▸ What you need to do
An exact copy of the listing below is needed, with no pictures in it.

▸ Records for this exercise

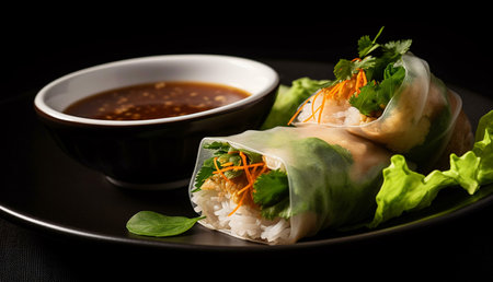A Taste of Vietnam: Goi Cuon - Fresh herbs peek through translucent rice paper, inviting a delicious dip in rich peanut sauce. AI-generated
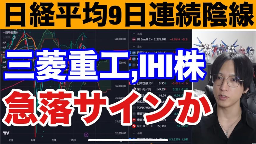 10/21、三菱重工、IHI株が急落。日本株動くサインか。日経平均9日連続陰線で弱すぎる。半導体株は上昇。投売り銘柄動くか。ドル円149円台。米国株、仮想通貨BTC、金先物強い。
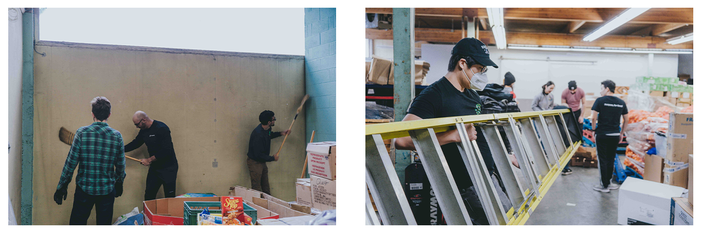 We brought together 20 people from 2 Vancouver companies to help brighten up the warehouse team’s space. With a quick demonstration, people were off to the races dusting down the walls, painting with rollers and brushes, edging, and sweeping the floors after we wrapped up.
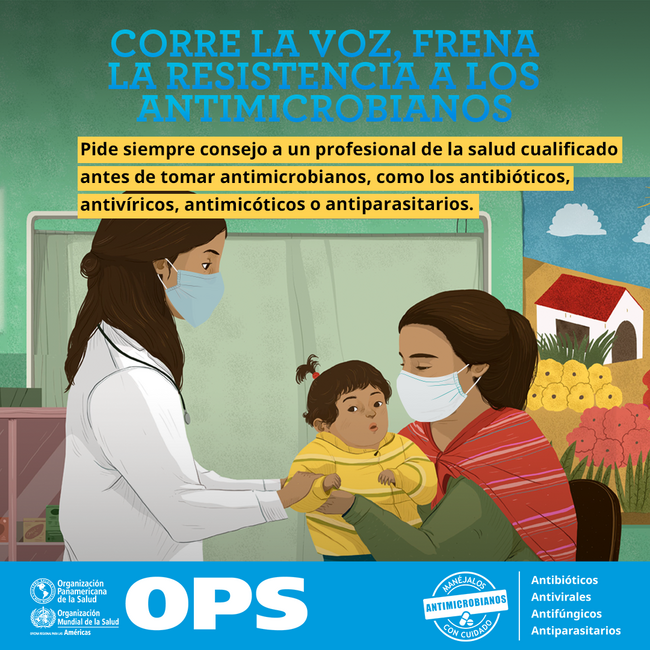 Postales para redes sociales - Resistencia Antimicrobiana: Pide siempre consejo a un profesional de la salud cualificado
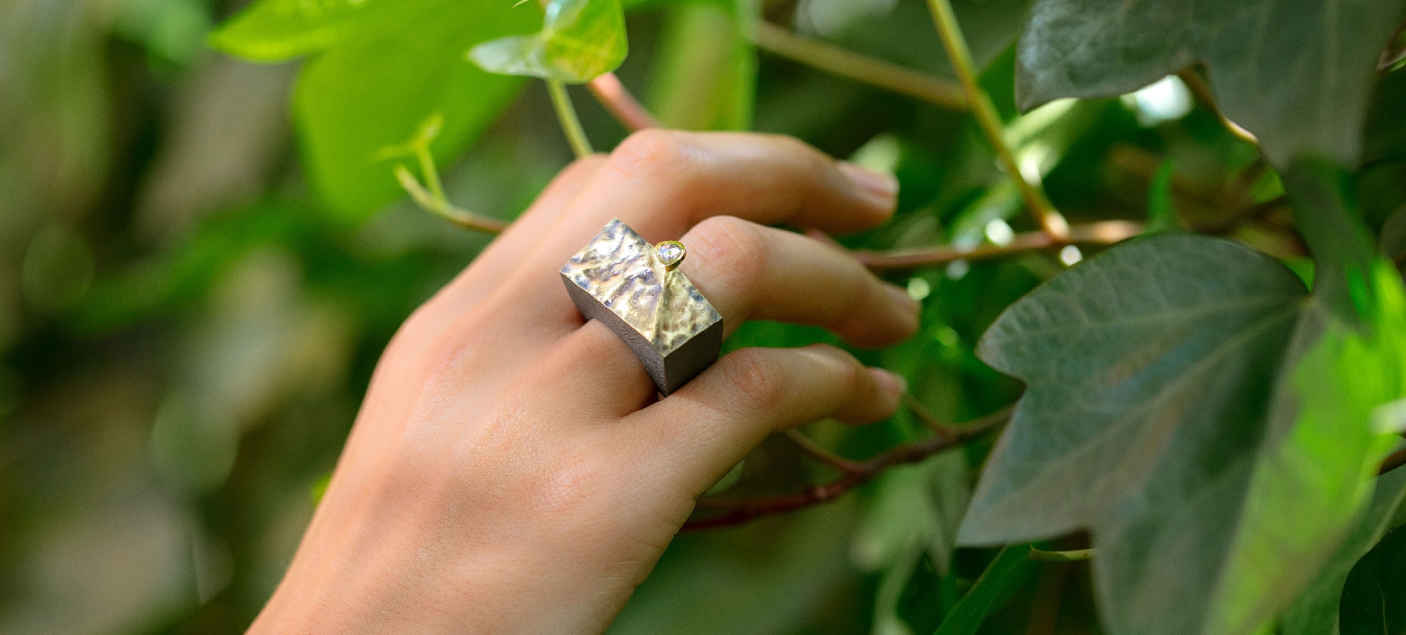 Los anillos de diseño originales que elaboramos tienen una estética muy cuidada, que a menudo nace de la observación de la naturaleza o de procesos escultóricos. Esto da como resultado formas únicas que conectan con quien las lleva.
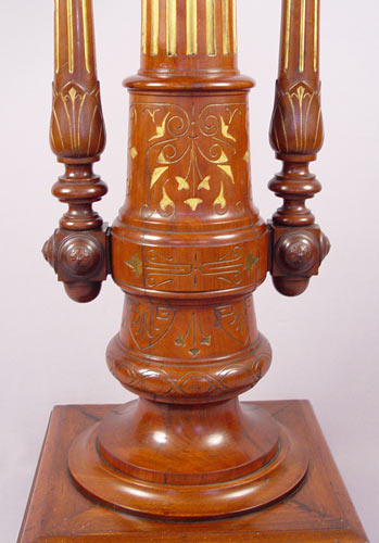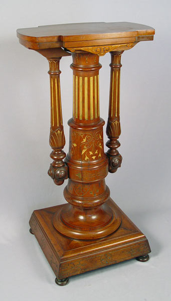 AESTHETIC / VICTORIAN PEDESTAL STAND: Walnut, 40'' high, the top is 20'' x 12 1/2'', 17 1/2'' square at base.
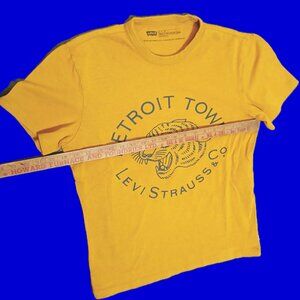 This is a rarely seen vintage graphic style Levi's t-shirt, mustard colour, showing 'Detroit Town' and the funky Detroit Tigers/Tiger graphic with Levi Strauss branding.
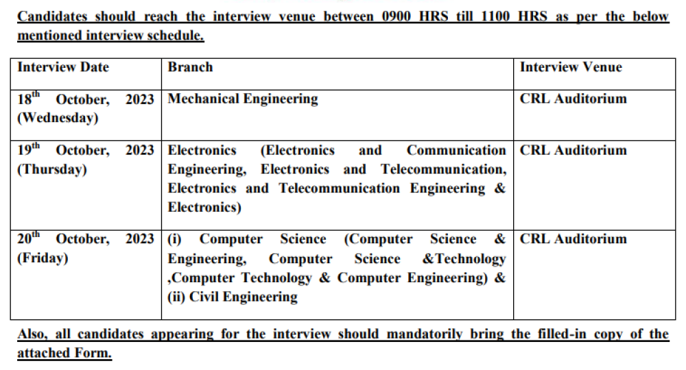 Eligibility Details Civil EnggEducationQualification : BE/B.Tech Trade/Subject : Engineering Mechanical EnggEducationQualification : BE/B.Tech Trade/Subject : Engineering Electronics EnggEducationQualification : BE/B.Tech Trade/Subject : Engineering Computer Science EnggEducationQualification : BE/B.Tech Trade/Subject : Engineering |
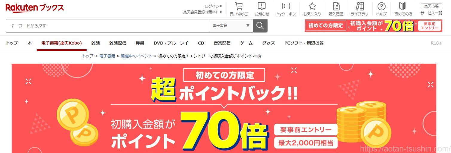 楽天KOBOなら初購入金額がポイント70倍キャンペーンを実施しているので、お得に始めることができます。
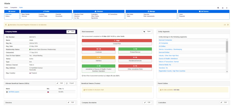 Comprehensive Dashboards & Alerts: Real-time visual insights and proactive alerts help teams prioritise tasks such as sanctions screenings, missing data, or expiring documents.
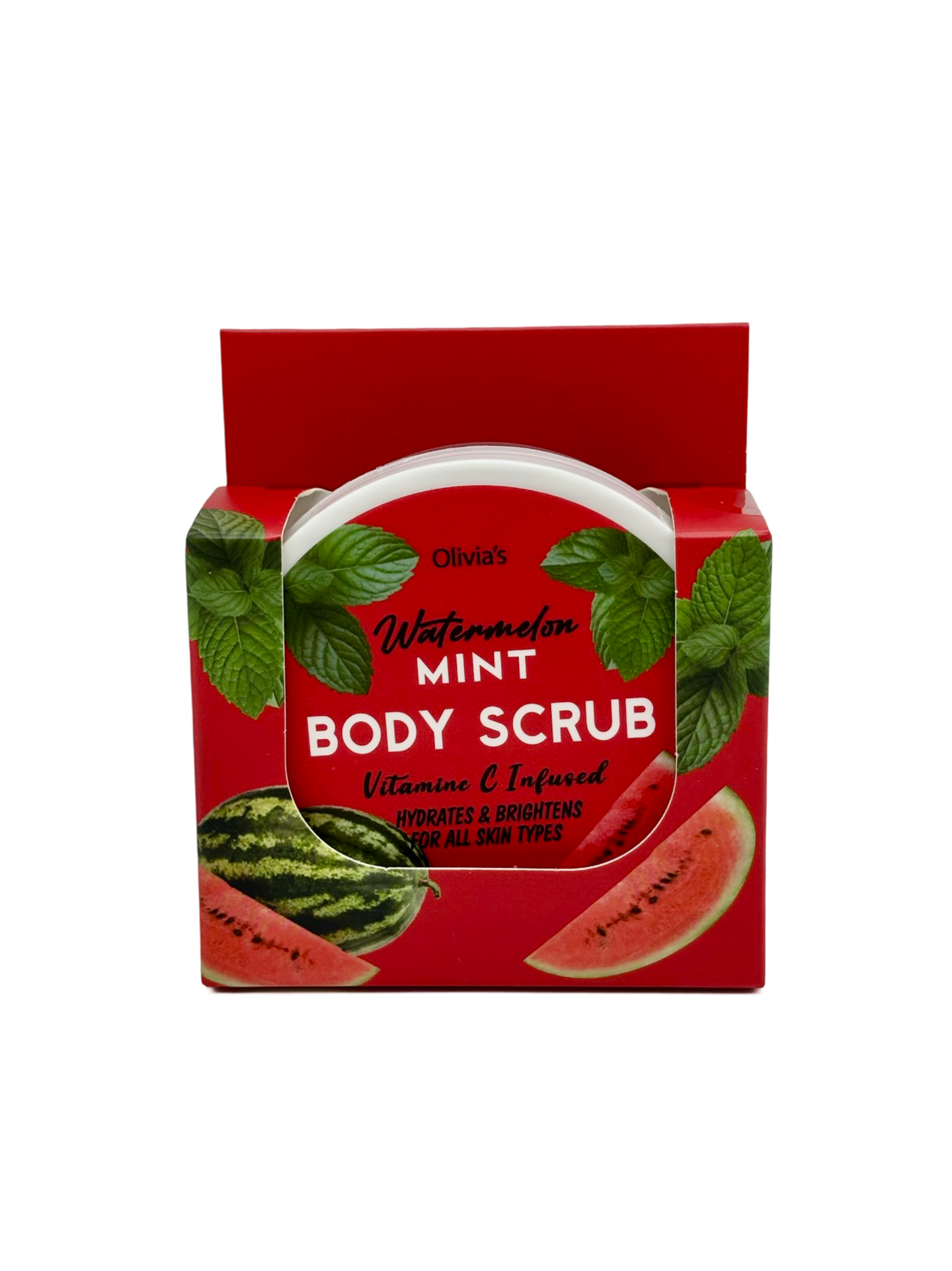 Olivia´s vartalonkuorinta, jolla saat ihostasi hetkessä ihanan pehmeän ja kimmoisan. Tuoksuna ihanan mehukas vesimeloni & minttu.
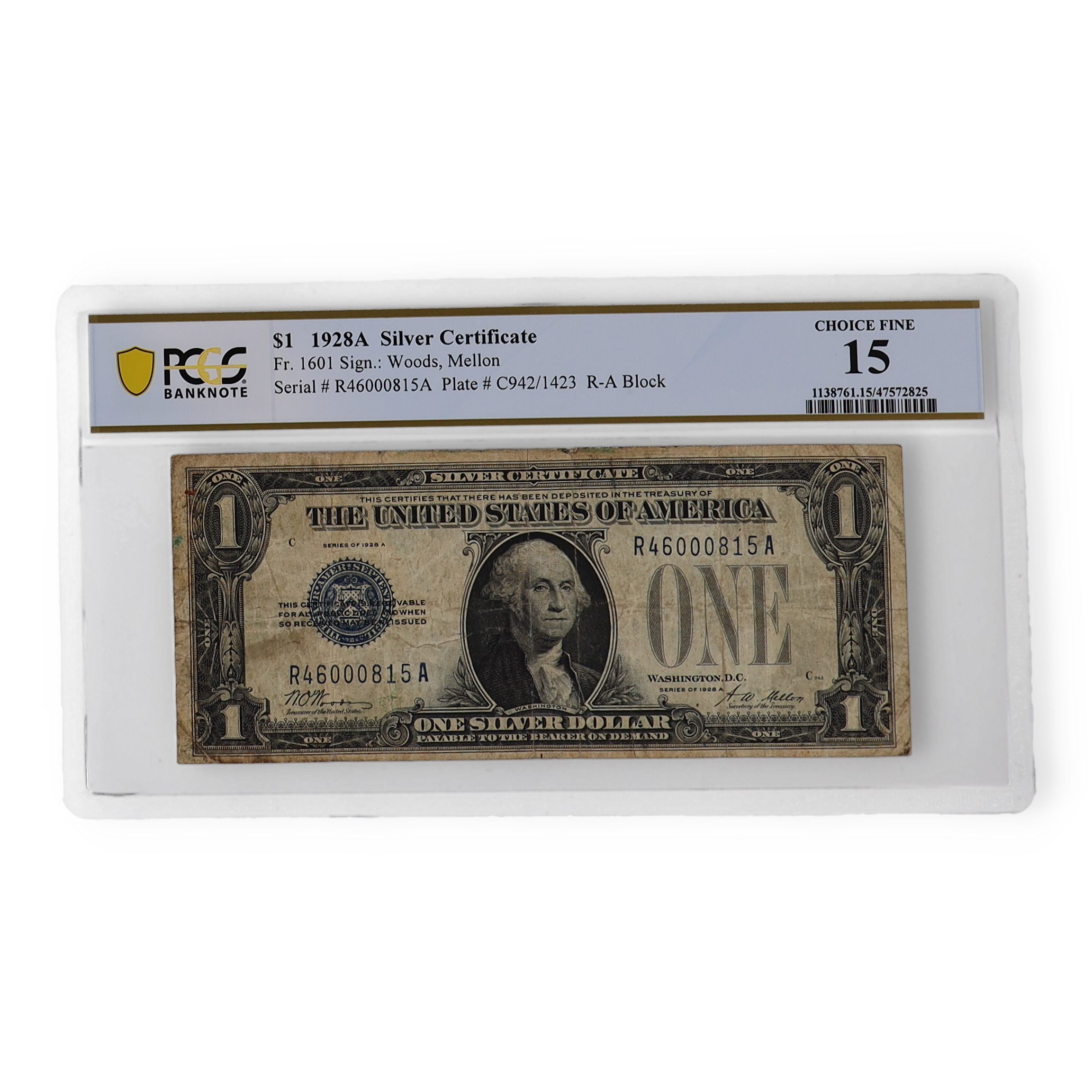 1928-A U.S. $1 One Dollar "Funny Back" Silver Certificate - Woods / Mellon (PCGS CF15)
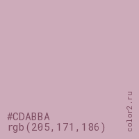 Цвет #CDABBA в цветовой модели RGB обозначается тремя октетами (205, 171, 186) в десятичном формате и #CDABBA в шестнадцатиричном (hex) формате, которые являются интенсивностью красного 205 (hex CD), интенсивность зелёного 171 (hex AB) и интенсивность синего 186 (hex BA).
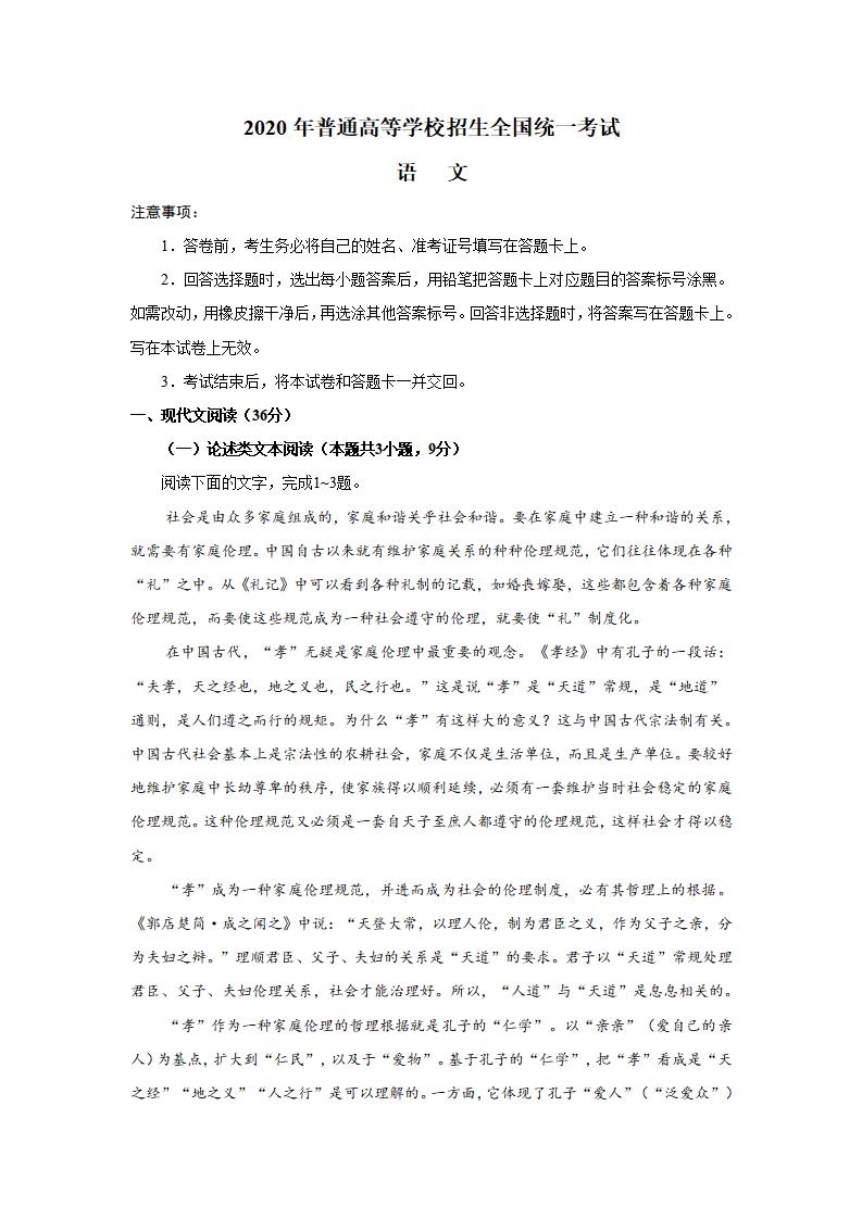 word模板-2020高考全国Ⅰ卷语文真题
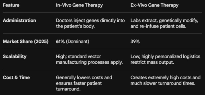 In-vivo gene therapy captures a 61% market share because it allows for direct patient administration. This highly scalable method bypasses the expensive, time-consuming laboratory cell modifications strictly required by ex-vivo therapies.
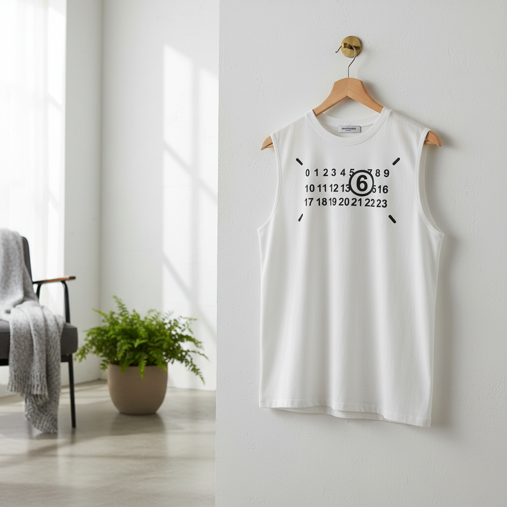 Maison Margiela white sleeveless cotton tank top with signature black numeric print and circle 6 motif. Stylish, unisex, minimalist design for casual wear with avant-garde aesthetic.
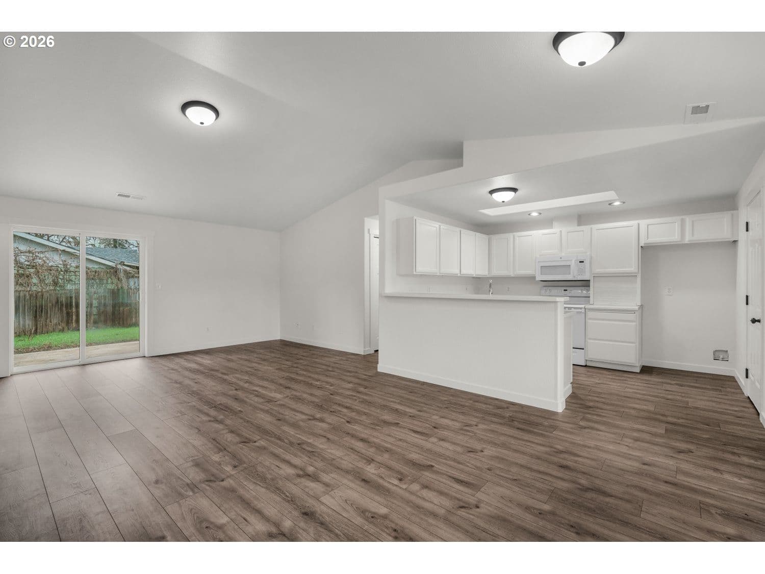 Welcome home to this beautifully renovated, move-in ready 3-bedroom, 2-bath ranch on a spacious corner lot! Inside, you’ll love the gorgeous flooring throughout, the airy vaulted ceilings, and the open floorplan designed for effortless entertaining. Natural light pours in, especially in the dining area with sliders leading out to the patio that's perfect for indoor/outdoor living. The sunny kitchen features a skylight and plenty of prep space for cooking and gathering. The private primary suite is thoughtfully separated for added privacy and includes a walk-in closet and its own bath. Two additional bedrooms, a full guest bath, and laundry round out the home. Enjoy the partially fenced backyard with patio and room for gardening, play, or pets. Home has a new roof for added peace of mind. Conveniently located close to shopping, dining, schools, and neighborhood parks!

▸ Exercise output
A Taste of Vietnam: Goi Cuon - Fresh herbs peek through translucent rice paper, inviting a delicious dip in rich peanut sauce. AI-generated
 10/21、三菱重工、IHI株が急落。日本株動くサインか。日経平均9日連続陰線で弱すぎる。半導体株は上昇。投売り銘柄動くか。ドル円149円台。米国株、仮想通貨BTC、金先物強い。
 We brought together 20 people from 2 Vancouver companies to help brighten up the warehouse team’s space. With a quick demonstration, people were off to the races dusting down the walls, painting with rollers and brushes, edging, and sweeping the floors after we wrapped up.
 Postales para redes sociales - Resistencia Antimicrobiana: Pide siempre consejo a un profesional de la salud cualificado
 Los anillos de diseño originales que elaboramos tienen una estética muy cuidada, que a menudo nace de la observación de la naturaleza o de procesos escultóricos. Esto da como resultado formas únicas que conectan con quien las lleva.
 AESTHETIC / VICTORIAN PEDESTAL STAND: Walnut, 40'' high, the top is 20'' x 12 1/2'', 17 1/2'' square at base.
 This is a rarely seen vintage graphic style Levi's t-shirt, mustard colour, showing 'Detroit Town' and the funky Detroit Tigers/Tiger graphic with Levi Strauss branding.
 Eligibility Details Civil EnggEducationQualification : BE/B.Tech Trade/Subject : Engineering Mechanical EnggEducationQualification : BE/B.Tech Trade/Subject : Engineering Electronics EnggEducationQualification : BE/B.Tech Trade/Subject : Engineering Computer Science EnggEducationQualification : BE/B.Tech Trade/Subject : Engineering |
 楽天KOBOなら初購入金額がポイント70倍キャンペーンを実施しているので、お得に始めることができます。
 Comprehensive Dashboards & Alerts: Real-time visual insights and proactive alerts help teams prioritise tasks such as sanctions screenings, missing data, or expiring documents.
 Olivia´s vartalonkuorinta, jolla saat ihostasi hetkessä ihanan pehmeän ja kimmoisan. Tuoksuna ihanan mehukas vesimeloni & minttu.
 1928-A U.S. $1 One Dollar "Funny Back" Silver Certificate - Woods / Mellon (PCGS CF15)
 Цвет #CDABBA в цветовой модели RGB обозначается тремя октетами (205, 171, 186) в десятичном формате и #CDABBA в шестнадцатиричном (hex) формате, которые являются интенсивностью красного 205 (hex CD), интенсивность зелёного 171 (hex AB) и интенсивность синего 186 (hex BA).
 word模板-2020高考全国Ⅰ卷语文真题
 In-vivo gene therapy captures a 61% market share because it allows for direct patient administration. This highly scalable method bypasses the expensive, time-consuming laboratory cell modifications strictly required by ex-vivo therapies.
 Maison Margiela white sleeveless cotton tank top with signature black numeric print and circle 6 motif. Stylish, unisex, minimalist design for casual wear with avant-garde aesthetic.
 Welcome home to this beautifully renovated, move-in ready 3-bedroom, 2-bath ranch on a spacious corner lot! Inside, you’ll love the gorgeous flooring throughout, the airy vaulted ceilings, and the open floorplan designed for effortless entertaining. Natural light pours in, especially in the dining area with sliders leading out to the patio that's perfect for indoor/outdoor living. The sunny kitchen features a skylight and plenty of prep space for cooking and gathering. The private primary suite is thoughtfully separated for added privacy and includes a walk-in closet and its own bath. Two additional bedrooms, a full guest bath, and laundry round out the home. Enjoy the partially fenced backyard with patio and room for gardening, play, or pets. Home has a new roof for added peace of mind. Conveniently located close to shopping, dining, schools, and neighborhood parks!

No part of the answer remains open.